Data extract
▼

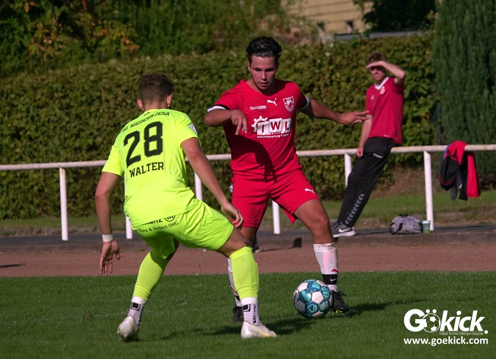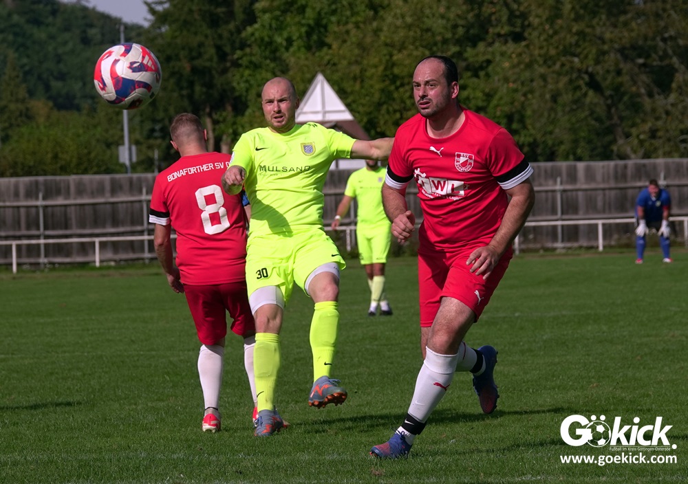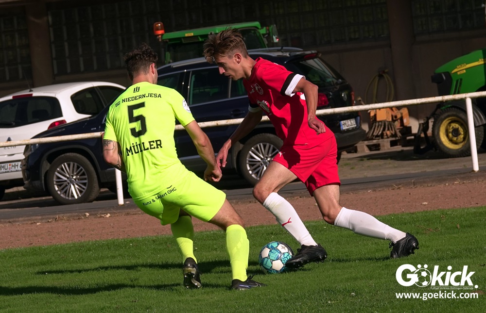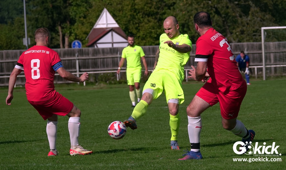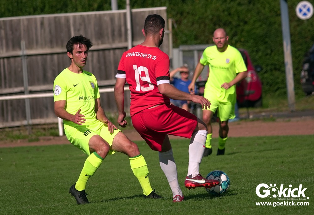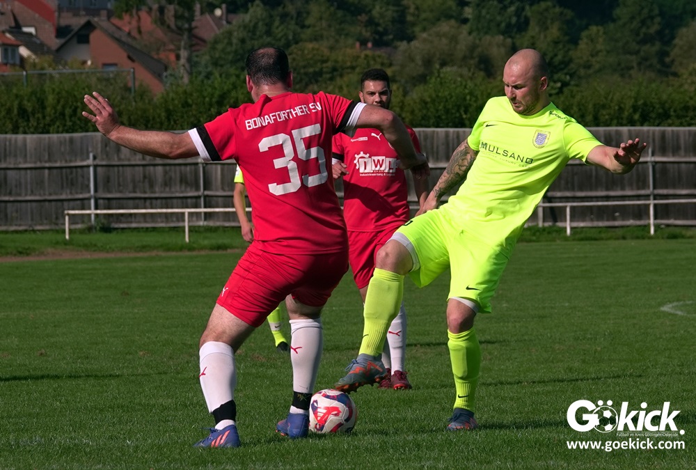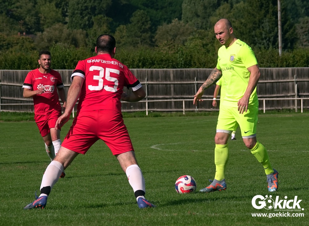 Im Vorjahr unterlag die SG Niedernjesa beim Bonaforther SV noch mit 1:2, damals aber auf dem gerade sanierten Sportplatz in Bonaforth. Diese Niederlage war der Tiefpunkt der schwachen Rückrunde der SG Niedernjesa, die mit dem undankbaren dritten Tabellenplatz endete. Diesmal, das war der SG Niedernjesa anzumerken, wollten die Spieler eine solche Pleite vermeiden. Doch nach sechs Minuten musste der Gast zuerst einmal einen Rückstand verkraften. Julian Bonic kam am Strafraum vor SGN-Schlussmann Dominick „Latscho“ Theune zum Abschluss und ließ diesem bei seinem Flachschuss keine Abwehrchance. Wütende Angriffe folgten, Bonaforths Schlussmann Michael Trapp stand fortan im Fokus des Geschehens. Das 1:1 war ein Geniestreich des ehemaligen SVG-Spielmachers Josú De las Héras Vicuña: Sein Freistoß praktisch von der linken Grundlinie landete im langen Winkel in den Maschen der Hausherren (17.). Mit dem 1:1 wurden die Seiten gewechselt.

▲
▼

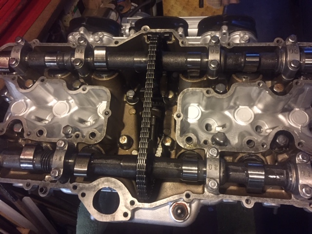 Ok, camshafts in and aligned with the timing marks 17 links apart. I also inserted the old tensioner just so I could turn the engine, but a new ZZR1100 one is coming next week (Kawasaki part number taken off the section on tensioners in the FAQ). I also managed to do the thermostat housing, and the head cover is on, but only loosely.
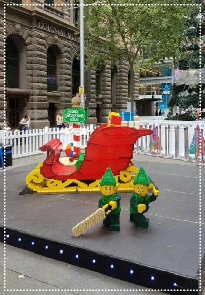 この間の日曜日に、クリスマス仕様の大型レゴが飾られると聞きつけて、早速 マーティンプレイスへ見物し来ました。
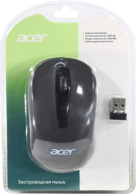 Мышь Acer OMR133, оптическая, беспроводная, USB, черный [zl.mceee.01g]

▲
▼

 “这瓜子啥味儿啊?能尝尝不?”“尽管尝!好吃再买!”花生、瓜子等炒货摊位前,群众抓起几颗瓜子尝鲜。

▲

Description of the task
Quote the data above exactly from the line with "この間の日曜日に、クリスマス" to the line with "Мышь Acer OMR133, оптическая, беспроводная, USB, черный", both ends counted, and nothing else. Pictures don't go in.

Exercise output
 この間の日曜日に、クリスマス仕様の大型レゴが飾られると聞きつけて、早速 マーティンプレイスへ見物し来ました。
 Мышь Acer OMR133, оптическая, беспроводная, USB, черный [zl.mceee.01g]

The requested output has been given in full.